Далеко идти не пришлось. Всего-то до конца коридора примерно пятидесятиметровой длины. И очень маленькой высоты, придававшей ему вкупе с грубовато выложенными из камня стенами вид вырубленного в скале тоннеля. Мои друзья «эльфы» смогли бы идти здесь, лишь пригнувшись. Да и я, учитывая низкую силу тяжести, при слишком энергичном шаге имел шанс оцарапать макушку о потолок. К счастью или несчастью, но в моем нынешнем состоянии было не до прыжков.
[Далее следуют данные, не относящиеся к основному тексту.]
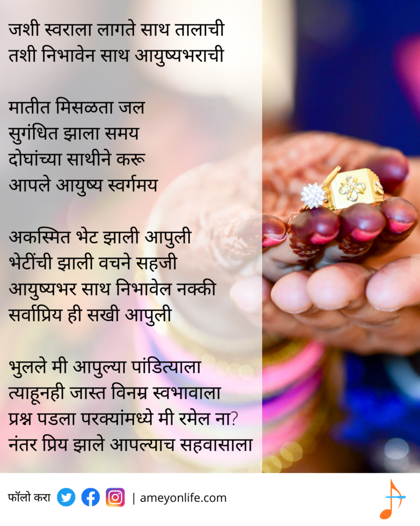 काही दिवसांपूर्वी माझ्या एका मैत्रिणीचे लग्न होते. मी लिहिलेल्या रचना तिला बहुदा आवडत असाव्यात. म्हणून तिच्या लग्नासाठी उखाणा लिहायला सांगितले. गोपनीयतेच्या कारणास्तव मी नावे काढली आहेत. परंतु एकंदर context वरून तुम्हाला प्रसंग लक्षात येईल. बघा आवडतोय का माझा पहिला उखाणा.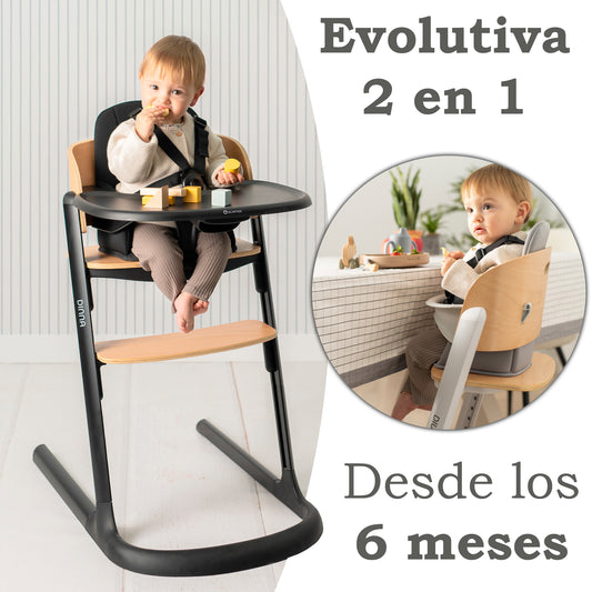 Trona evolutiva de madera 2 en 1 DINNA Silla infantil Evolutiva de Olmitos
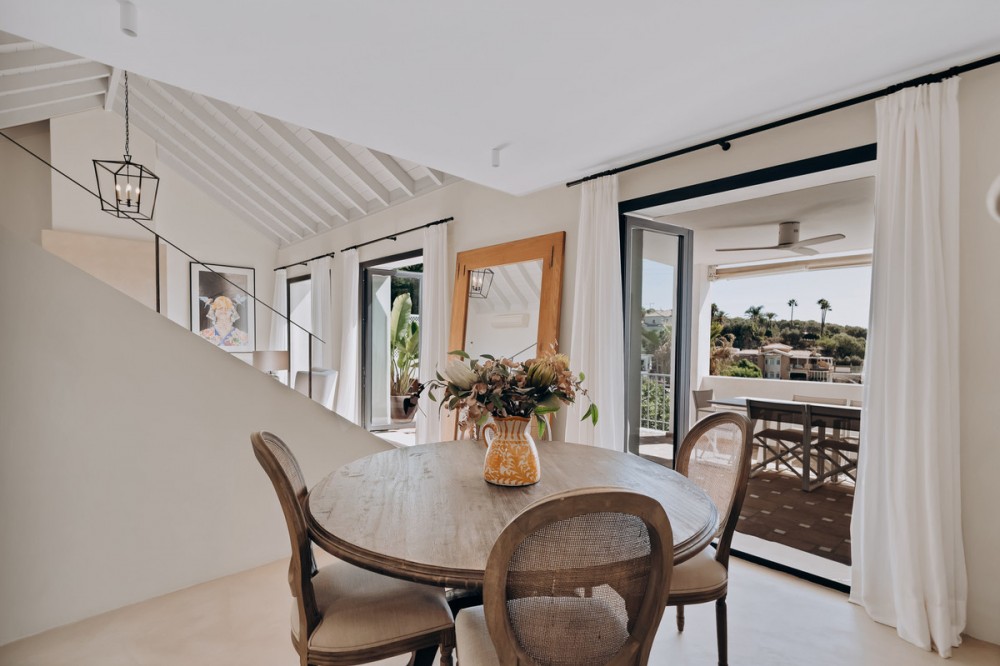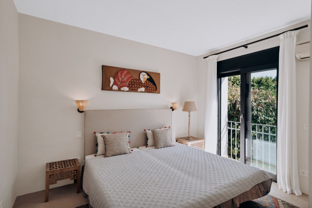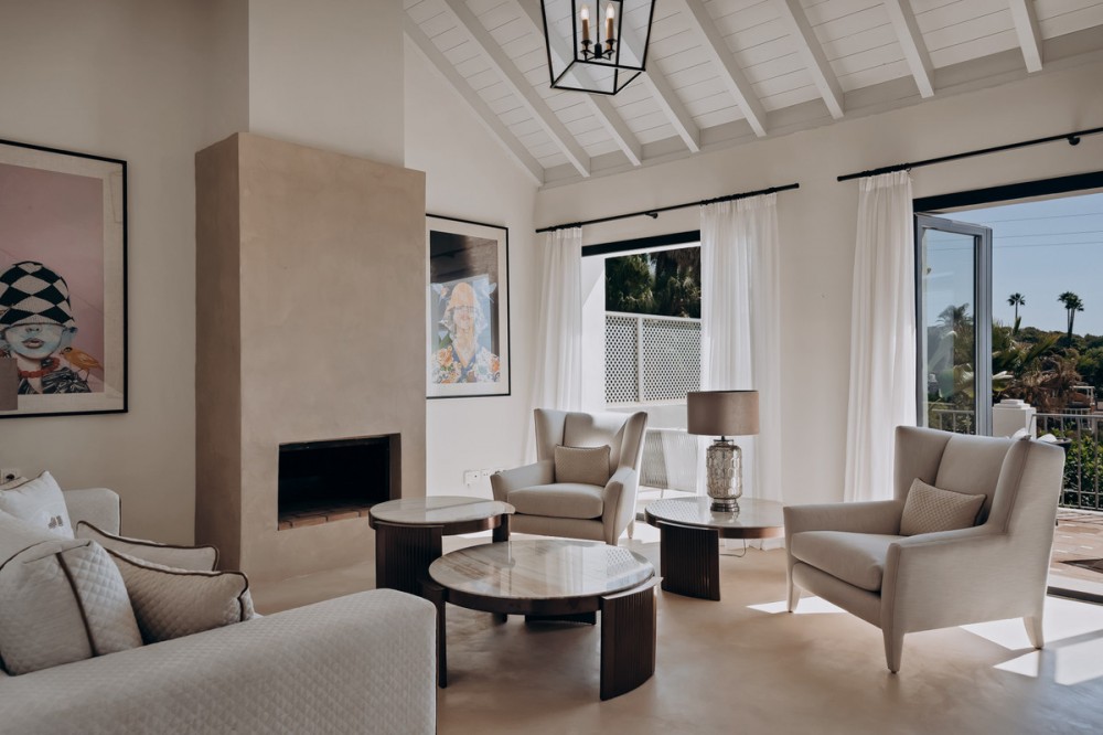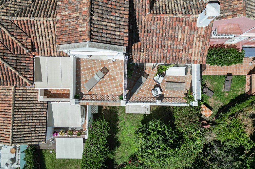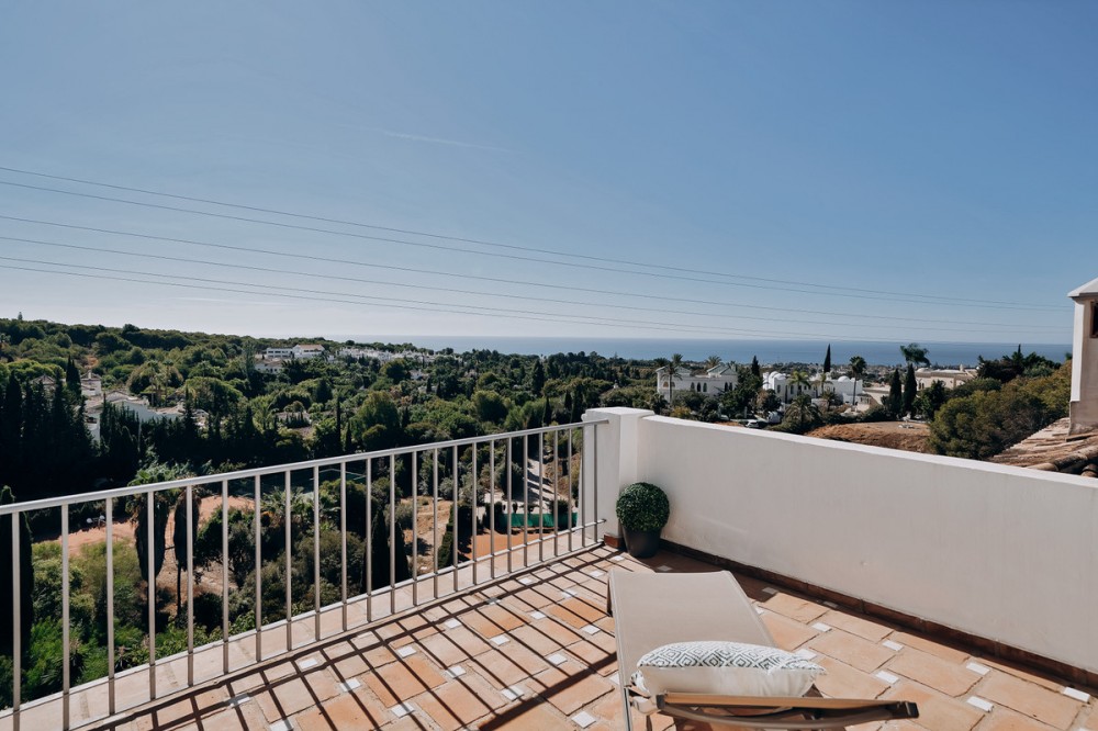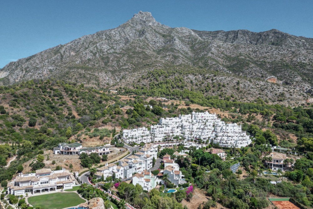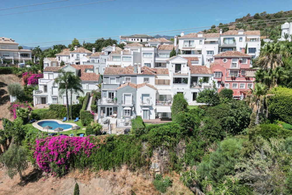 - Located in the exclusive Marbella Hill Village, within the prestigious gated Marbella Hill Club, this elegant townhouse offers a rare combination of charm, privacy, and panoramic views. Just five minutes from Marbella Club, Puente Romano, and the Golden Mile, it enjoys one of the most privileged addresses on the Costa del Sol, nestled between the Mediterranean Sea and La Concha mountain. The entrance sets the tone with a private patio shaded by orange trees and flowering plants, creating a welcoming Mediterranean atmosphere. Inside, the main living area impresses with high ceilings, a real fireplace, and uninterrupted sea views from every window and even from the sofa. The modern kitchen, fitted with premium international brands, connects seamlessly to the dining room and opens onto a south-facing terrace with remote-controlled shades – ideal for enjoying Marbella’s mild climate year-round. Upstairs, the master suite features a stylish ensuite bathroom, a spacious walk-in closet, and a large terrace with stunning sea views. On the garden level, three additional bedrooms and two bathrooms open to a private garden also overlooking the Mediterranean. This floor is completed by a cinema room, storage space, and a laundry room – ensuring both comfort and practicality. With approximately 148 m² of interior space, 40 m² of terraces, and a 150 m² private garden, the property is perfectly oriented to the south-southeast, guaranteeing abundant natural light, sunny mornings, and mild winters. The home is offered ready to move into, with the flexibility to purchase furnished or unfurnished. As part of Marbella Hill Club, residents benefit from 24-hour private security and controlled access, ensuring peace of mind in one of Marbella’s most desirable enclaves. World-class golf courses, exclusive beaches, fine dining, luxury shopping, and the vibrant nightlife of Puerto Banús are all just a short drive away. Whether as a permanent residence, a holiday retreat, or a secure investment, this townhouse offers the best of Marbella living: elegance, comfort, and the perfect balance between sea and mountain.

В конце коридора меня втолкнули в узкую дверь. Комнатка не поражала ни размером, ни убранством. Стол и два стула. И все. Явно не чей-то рабочий кабинет. Скорее – допросная. Меня усадили на стоящий посреди помещения грубо сколоченный стул. Конвоиры встали по бокам, а гном вообще остался за плотно прикрытой дверью.

За столом, глядя на меня кристально чистыми голубыми глазами, восседал мужчина средних лет в серой полевой форме, довольно поношенной, которую украшали майорские погоны. Офицер имел достаточно располагающую к себе внешность – округлое, чуть вытянутое лицо правильной формы с твердым, покрытым оспинками подбородком и несколько выдающимися вперед скулами. А смешная морщинка на переносице и вовсе придавала ему несерьезный вид. Не могли подобрать для допроса кого-либо с более устрашающей внешностью?

Майор не стал затягивать начало.

– Свое имя я называть тебе не буду. Незачем. Можешь называть меня «герр майор». Или даже «товарищ майор», если тебе так привычнее! – бодро приступил к допросу тот на довольно чистом русском языке. Покойный Фогель тоже неплохо по-русски чесал, кстати. У них это обязательный элемент подготовки офицеров, интересно? Или только разведчиков?

Так как я в ответ промолчал, то веселый нацист продолжил, придвигая к себе картонную папку и письменные принадлежности, состоявшие из металлического, с костяной ручкой пера и простой медной чернильницы с крышкой. От вида этих предметов на меня пахнуло уже подзабытым духом казенной канцелярщины докомпьютерной эры. Можно было бы сказать – ностальгическим духом, если бы не обстановка…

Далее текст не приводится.